Петербург. 26 апреля
Я так и думал, милая моя Marie, что не вы виноваты в перерыве переписки, а нездоровье ваше, и потому не сердился, а тревожился… и вижу теперь, что недаром… Очень, очень тяжело мне знать вас и физически страждущей, и нравственно расстроенной. — Но все это письменное сочувствие так вяло и безотрадно — авось-либо живое слово окажется действительнее.

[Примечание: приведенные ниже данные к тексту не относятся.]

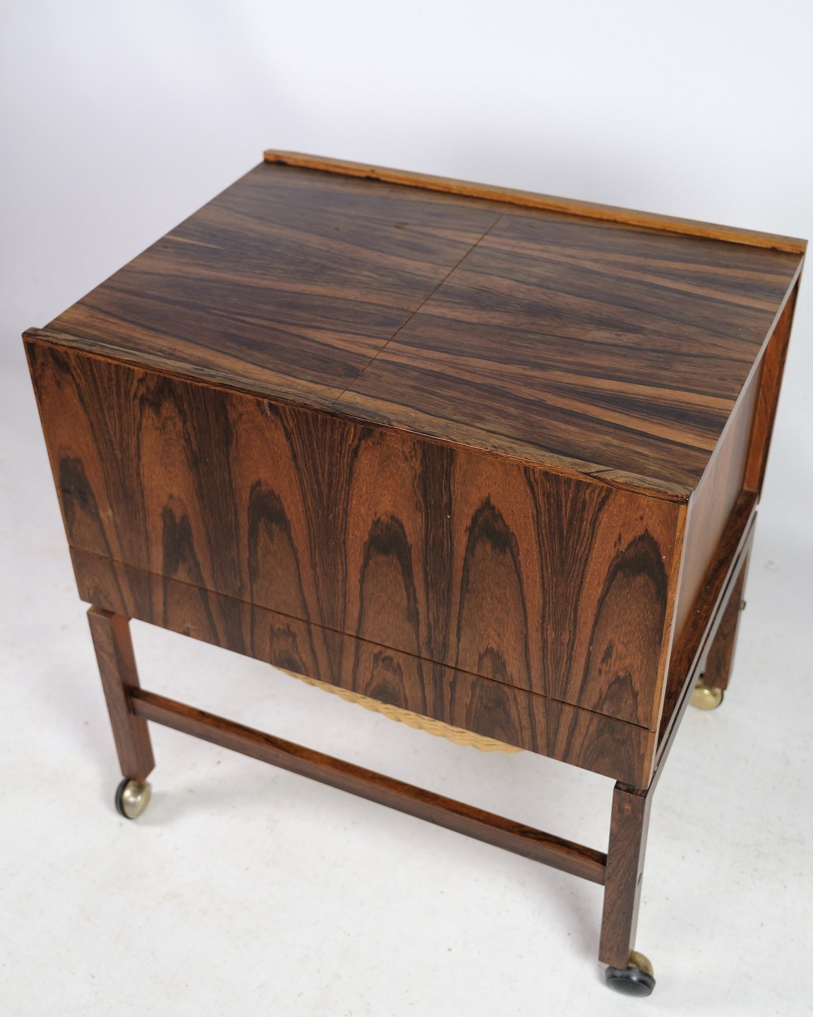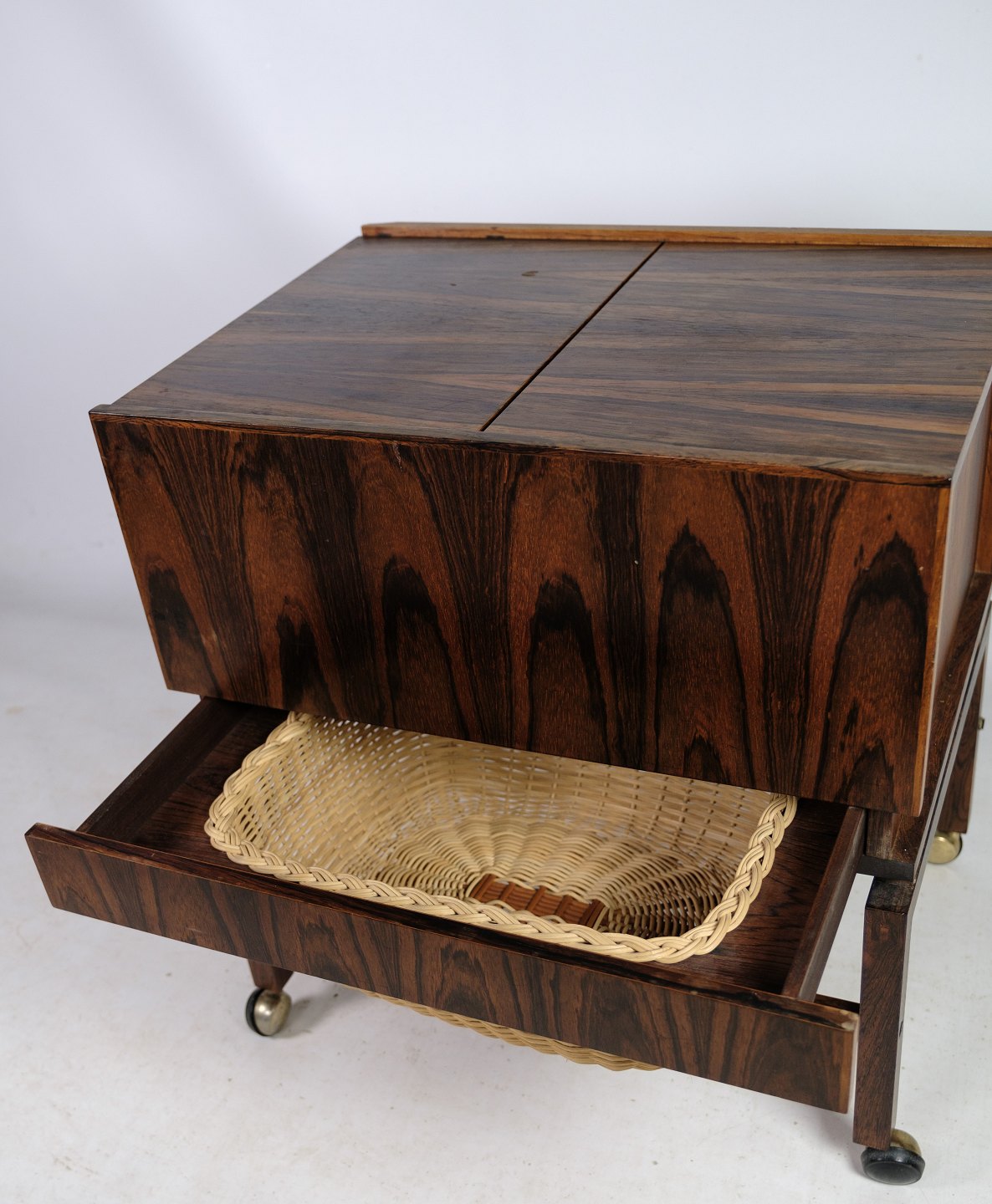 Denne vintage sybord / barbord på ben i palisander er et fantastisk eksempel på dansk møbeldesign fra 1960'erne. Den er fremstillet i Danmark og er af enestående kvalitet med en fantastisk design.
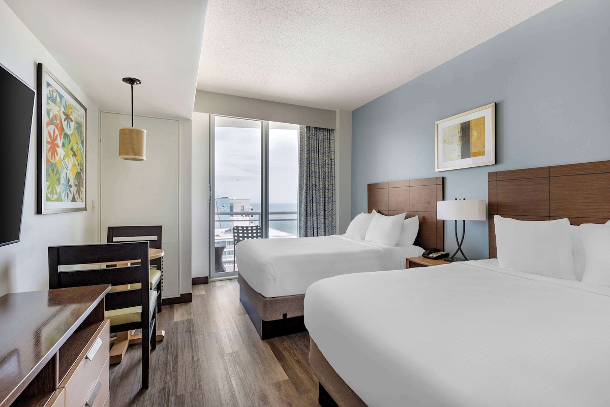 Suite con dos camas tamaño queen: vistas a la playa, balcón, en Atlantic
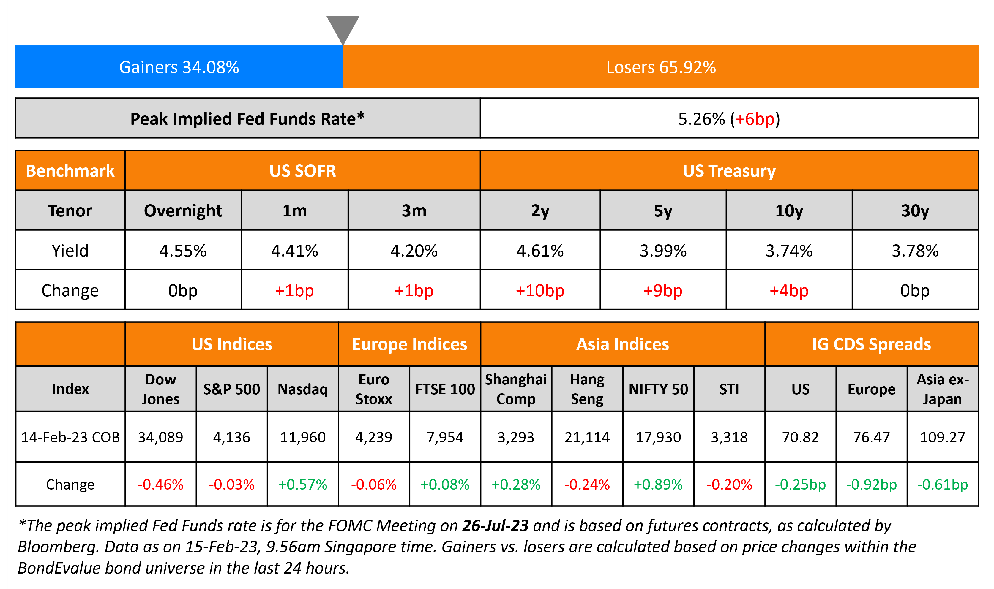 US front-end 2Y and 5Y Treasury yields shot up by 9-10bp after the US CPI report as the curve bear flattened (Term of the Day, explained below) and inverted further. US CPI came at 6.4% for January, above expectations of 6.2% and lower than last month’s 6.5% print. Core CPI came at 5.6%, above the surveyed 5.5% and lower than last month’s 5.7% print. The inflation print showed that while while inflation has slowed down, it is not happening at a fast pace and lends support to the Fed’s stance of on raising rates. The peak Fed funds rate jumped 6bp to 5.26% for the July 2023 meeting. With a 25bp hike in March being priced in, markets are expecting another 25bp in May with a 73% probability. US IG CDS spreads tightened by 0.3bp while HY spreads were 2.5bp wider. Equity indices were mixed with the S&P marginally lower while Nasdaq was up 0.6%.

В будущем месяце непременно явлюсь к вам. Но еще не могу назначить дня моего приезда. Я полагаю, что еще до получения этого письма вы уже виделись с возвратившимся из Петербур<га> Щебальским и что он кроме известий обо мне сообщил вам впечатления свои, вывезенные им отсюда. Вероятно, впечатления эти — в Москве еще более, чем здесь — согласуются с тем, что я писал к вам по делу Каткова, которое не перестает занимать всех. — Сочувствие к нему полное. Никто не допускает мысли, что «Московские вед<омости>» прекратятся. Но все очень искренно озабочены вопросом, каким путем вывести дело из этого затруднительного положения. — Никто из ему сочувствующих — а их имя легион — не верит, чтобы он сам желал сойти со сцены и в сознании этого желания преднамеренно поставил вопрос, как он именно поставлен. Это было бы — не говорю непатриотично, но просто несовместно с такою благородною личностью, как Катков. Для выяснения дела весьма достаточно уже одного — того справедливого раздражения, овладевшего им при виде этого не то бессмысленного, не то злонамеренного противудействия. Восторжествовать окончательно над этим противудействием было в полной его возможности. Но он сам усложнил задачу, поставивши вопрос таким образом, что решение его затрогивает и самую личность государя, не при совсем благоприятных условиях. — Как бы то ни было, при теперешних обстоятельствах и настроении умов — последнее слово должно остаться за Катковым, и так оно и будет… Но довольно. Есть дело еще важнее и этого, и это дело — вы и ваше здоровье. Обнимаю детей. — Скажите вашему мужу, что я все-таки жду от него неск<олько> слов. Господь с вами.